Entropy: Figure 8 shows the impact of the linguistic complexity denoted by the entropy of the texts where different levels of entropy for each stacked recurrent architecture is displayed. In this case we also see how the performance of all recurrent architectures drops when the complexity increases. For this reason the consideration of textual entropy as linguistic complexity makes evident the correlation between the entropy of a sentence and the complexity required for its comprehension suggested by Keller [¹²].

Fig. 8 Stacked recurrent architectures and Entropy values

About the impact of a stacked architecture we see in Figure 2 how by increasing the best performance is obtained with a SimpleRNN model for any level of complexity. For example, when the level of complexity is low (entropy = 2), a stack of four recurrent layers obtains good performance; and when the level of complexity is high (entropy = 4), a stack of four recurrent layers outperform the LSTM and GRU architectures. On the other hand, a deep model based on LSTM and GRU architectures had no positive effect so a shallow model was the best option in these cases.

In order to compare the performance of our models with the results obtained by Kolhatkar et al. [¹⁴], Text quality is the set of features comparable to the use of entropy as an indicator of a more varied vocabulary. The set of Text quality features is:

— Readability score,
— Personal experience score.

These features were selected as an attempt to quantify how hard a text is to read. The result obtained by the SVM model was a 0.90 F1 score whereas ours results for different entropy values are shown in Figure 8. As we can see in Table 4 (the values are obtained from Figure 8), when the comments contains a low entropy value (entropy≥2), the results obtained by the deep recurrent architectures are higher than the SVM model.

Table 4 Low entropy (entropy≥2) and stacked recurrent architectures

model	stack size	acc
SimpleRNN	4	0.92
LSTM	1	0.92
GRU	1	0.90

However, when the comments contains a high entropy value (entropy≥4), the result obtained by SimpleRNN is identical to the SVM model whereas the results obtained by LSTM and GRU are lower. Table 5 shows a stacked SimpleRNN model achieving similar performance to the SVM model when the readability of the comments demands a rich vocabulary, that is, when the comments exhibit the highest level of linguistic complexity.

Table 5 High entropy (entropy≥4) and stacked recurrent architectures

model	stack size	acc
SimpleRNN	4	0.90
LSTM	1	0.88
GRU	1	0.88

As we previously said, Table 4 and Table 5 also show how a deep model based on LSTM and GRU architectures had no positive effect so a shallow model was the best option in both cases.

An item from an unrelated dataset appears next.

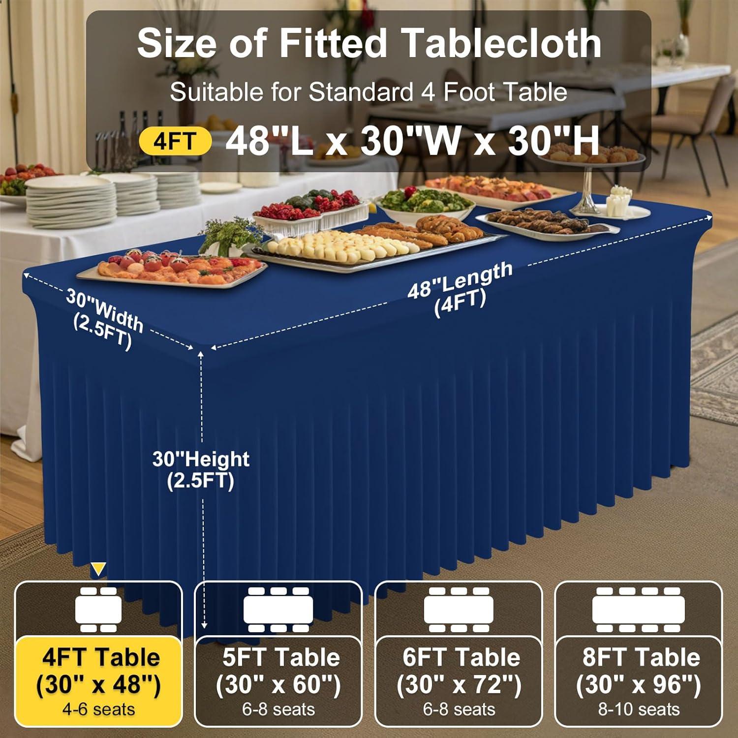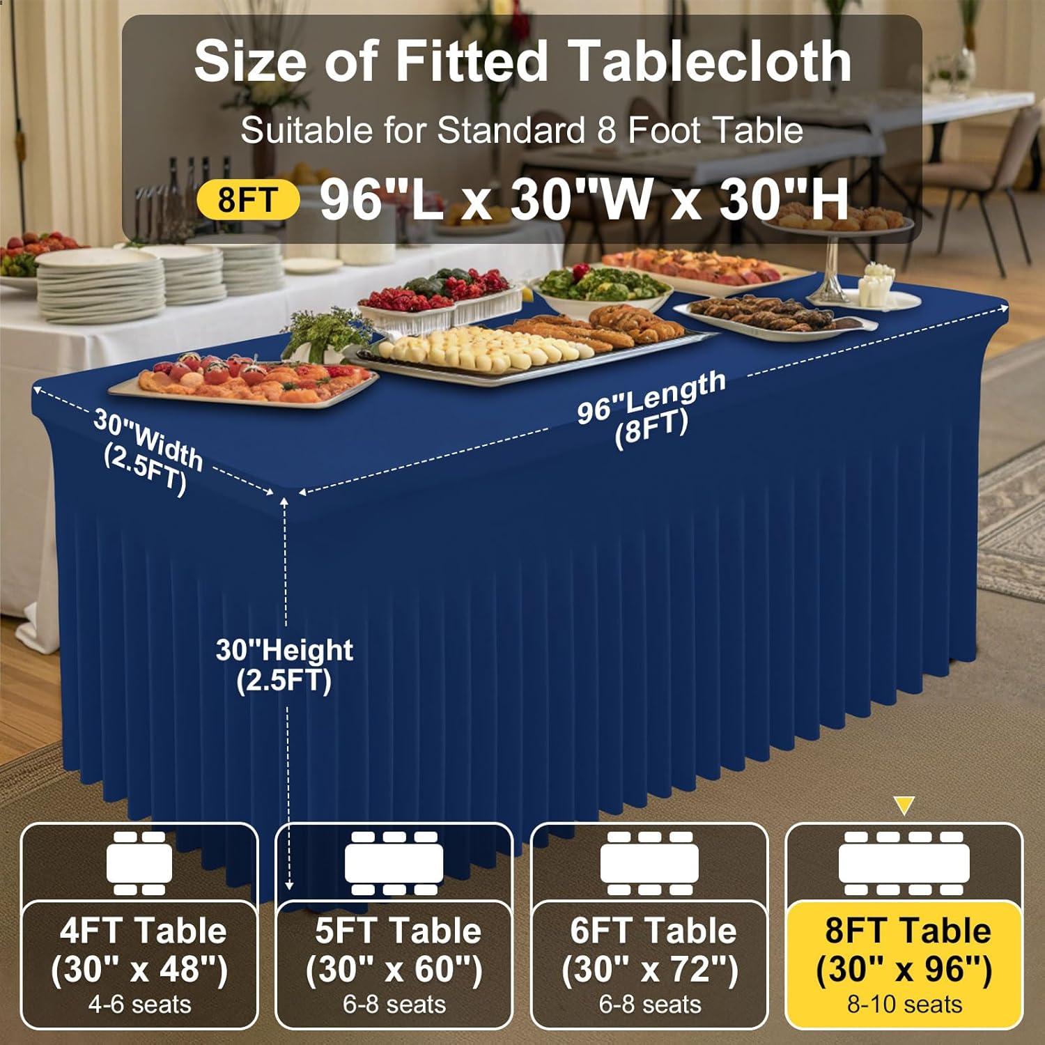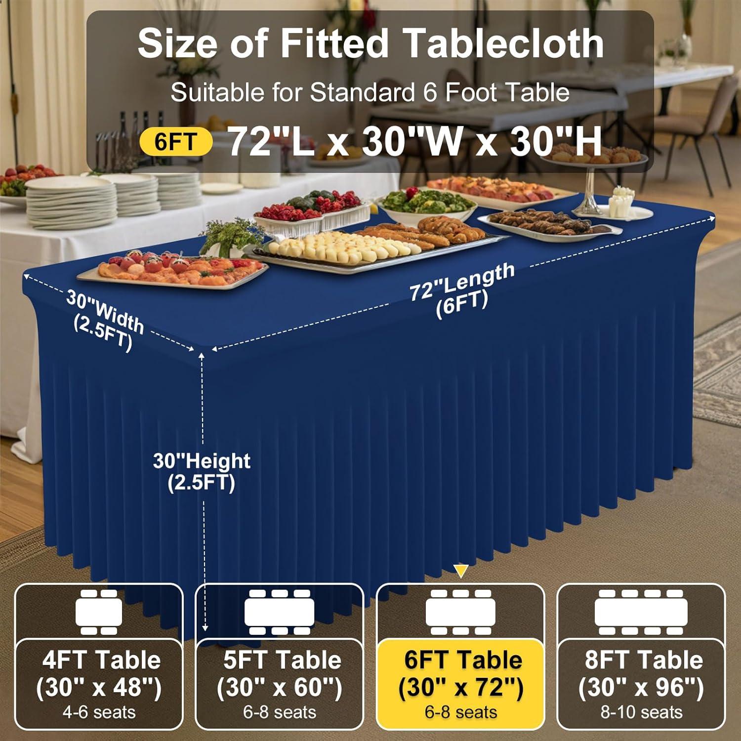 [Measurement] Our banquet tablecloth dimensions for a 6-foot table are 72 inches in length, 30 inches in width, and 30 inches in height. Please measure your table to ensure you choose the appropriate size before making a purchase.

Number of sentences and words: in this case, from the results obtained by the analysis of number of sentences and words, we can see in Figure 9 and Figure 10 how precision decreases as the number of sentences and words in the comments increases. This decline in the performance of the recurrent architectures is a clear-cut evidence that the complexity of constructive comments is related to the number of sentences and words.

Fig. 9 Stacked recurrent architectures and Sentences values

Fig. 10 Stacked recurrent architectures and Words values

Figure 9 and Figure 10 also illustrates the impact of a stacked SimpleRNN architecture. In fact, we see how by increasing the number of recurrent layers the best performance is obtained with a SimpleRNN model when the level of complexity is low (stack size = 2 for sentences and words). Now, when the level of complexity is high, the best performance is obtained with a stacked LSTM architecture: stack size = 2 for sentences and stack size = 3 for words. On the other hand, a deep model based on GRU architecture had minimum impact on the classification task.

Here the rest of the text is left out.